[Opening Provided data section]

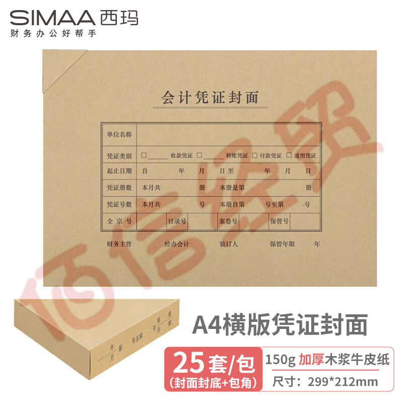 西玛(SIMAA)A4凭证封面套包25套(封面+包角)加厚木浆150g 299*212mm 配套a4记账凭证纸费用报销粘贴单据6504B;封面+包角25套/包,10包/箱(单包价-整箱售-拍25组) 自营
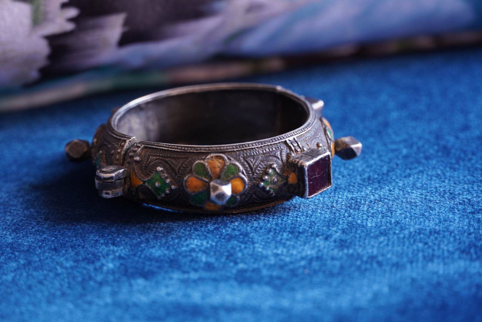 North Africa Moroccan Sahara antique old silver old glazed enamel Berber nomad bracelet
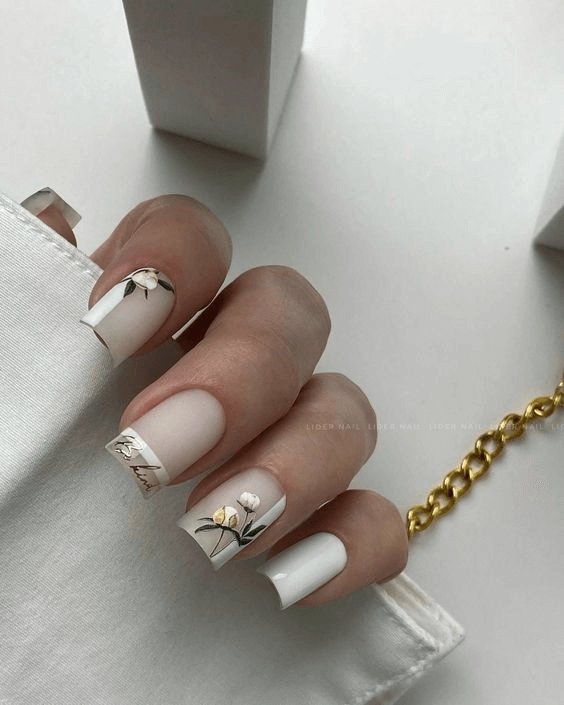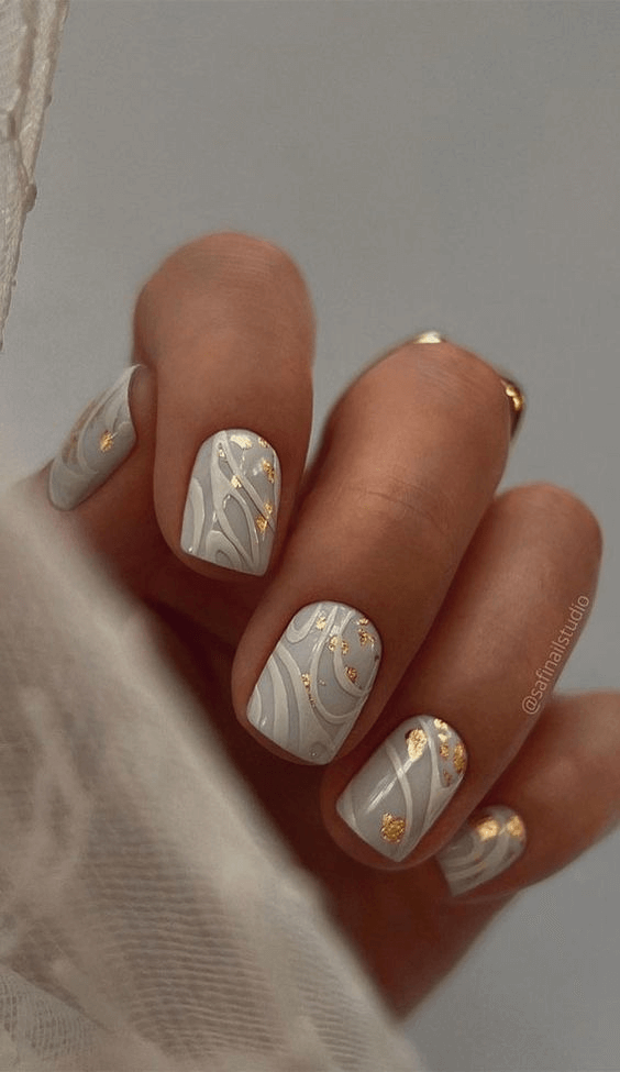 Short nails can absolutely make a statement, especially with delicate white floral patterns and subtle gold accents. This sweet design gives vintage bridal vibes while feeling fresh and modern. It’s a wonderful option if you want your nails to feel decorative but not busy, and it complements dresses with lace or floral embroidery beautifully.

[Closing Provided data section]

### Instructions to follow
Only exact repeats of the lines from the one containing "North Africa Moroccan" through the end of the listing above are wanted here; pictures are not.

### Worked solution
 North Africa Moroccan Sahara antique old silver old glazed enamel Berber nomad bracelet
 Short nails can absolutely make a statement, especially with delicate white floral patterns and subtle gold accents. This sweet design gives vintage bridal vibes while feeling fresh and modern. It’s a wonderful option if you want your nails to feel decorative but not busy, and it complements dresses with lace or floral embroidery beautifully.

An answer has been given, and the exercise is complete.